## PROBLEM REQUIREMENTS:
After locating the line with "小野瀬 果火さんを姓名の画数から五運を鑑定" in the entries below, output it and each following line up to and including the line with "Этот стиль больше", exactly and without pictures.

## EXTRACTED MATERIAL:
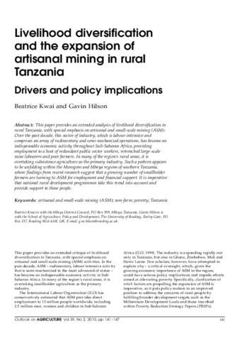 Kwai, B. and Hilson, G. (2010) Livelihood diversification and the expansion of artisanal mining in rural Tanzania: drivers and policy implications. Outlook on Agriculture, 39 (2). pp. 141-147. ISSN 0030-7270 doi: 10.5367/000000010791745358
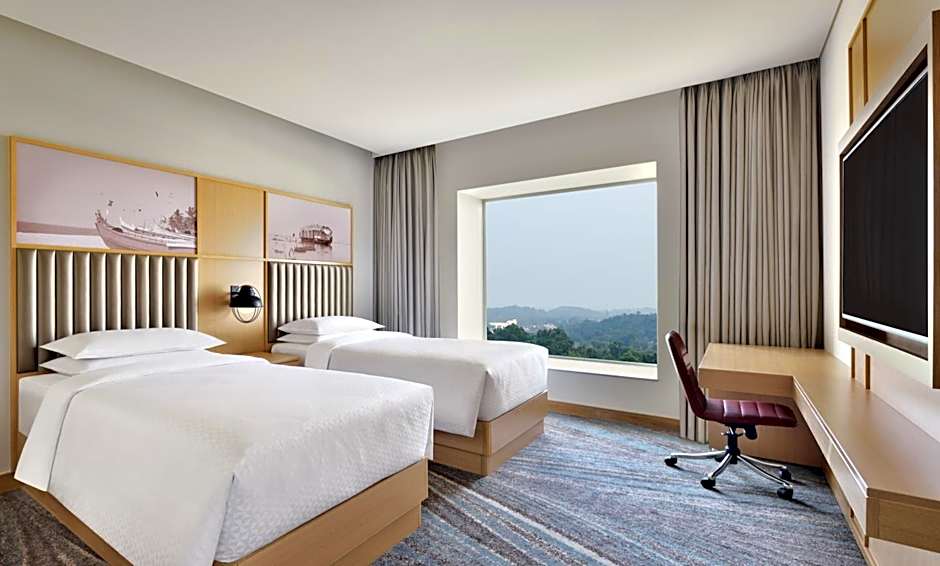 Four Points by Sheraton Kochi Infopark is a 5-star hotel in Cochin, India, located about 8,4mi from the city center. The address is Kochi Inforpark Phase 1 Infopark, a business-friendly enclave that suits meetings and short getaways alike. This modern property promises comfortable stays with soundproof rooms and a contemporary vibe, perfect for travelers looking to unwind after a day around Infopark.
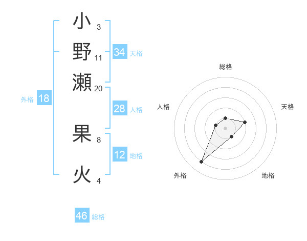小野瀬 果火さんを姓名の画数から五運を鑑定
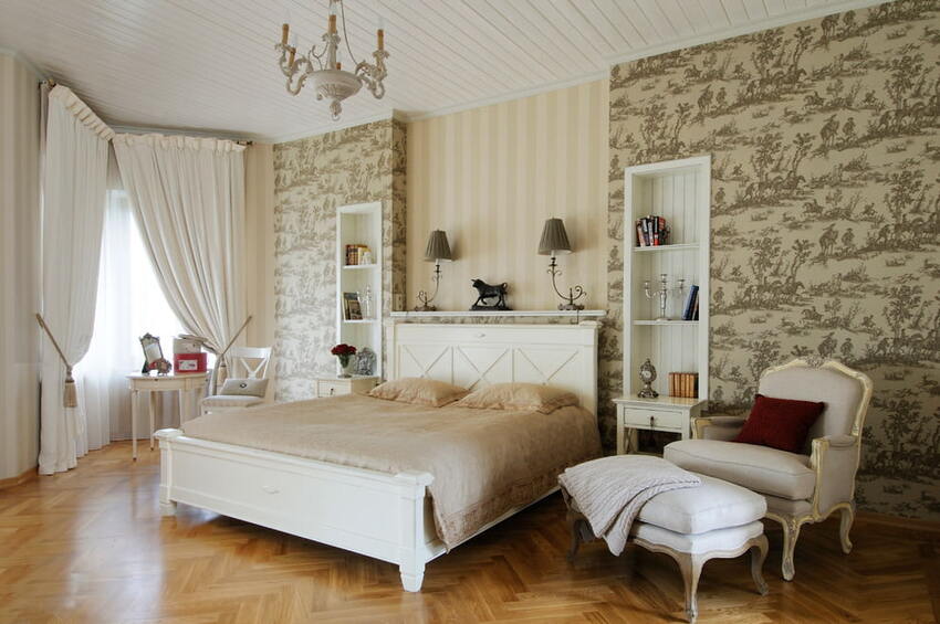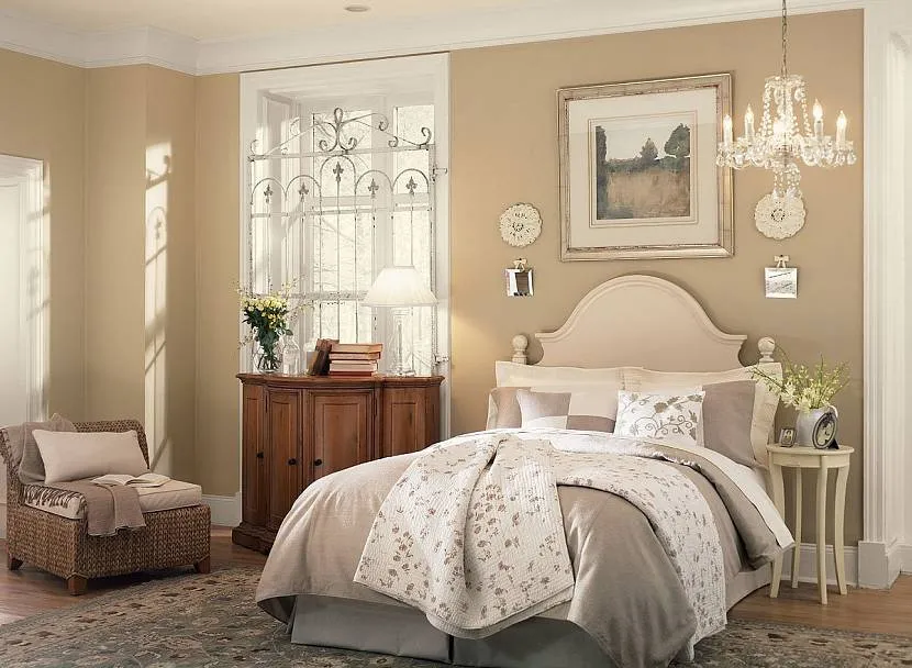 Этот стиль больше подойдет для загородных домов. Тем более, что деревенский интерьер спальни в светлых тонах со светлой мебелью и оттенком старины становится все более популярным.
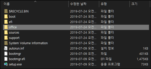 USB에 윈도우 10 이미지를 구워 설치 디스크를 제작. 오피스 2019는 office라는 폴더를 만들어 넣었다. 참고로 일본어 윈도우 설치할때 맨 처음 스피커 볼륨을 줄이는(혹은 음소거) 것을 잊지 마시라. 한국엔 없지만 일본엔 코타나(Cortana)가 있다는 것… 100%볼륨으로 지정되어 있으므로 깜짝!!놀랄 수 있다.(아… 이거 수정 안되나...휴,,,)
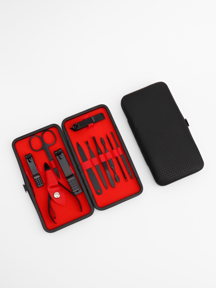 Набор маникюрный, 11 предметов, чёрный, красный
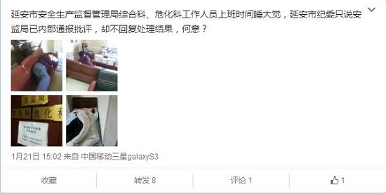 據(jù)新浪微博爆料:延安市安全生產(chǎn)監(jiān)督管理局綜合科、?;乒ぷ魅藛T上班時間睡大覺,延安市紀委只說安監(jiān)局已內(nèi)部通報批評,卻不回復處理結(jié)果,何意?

## REPLY:
小野瀬 果火さんを姓名の画数から五運を鑑定
 Этот стиль больше подойдет для загородных домов. Тем более, что деревенский интерьер спальни в светлых тонах со светлой мебелью и оттенком старины становится все более популярным.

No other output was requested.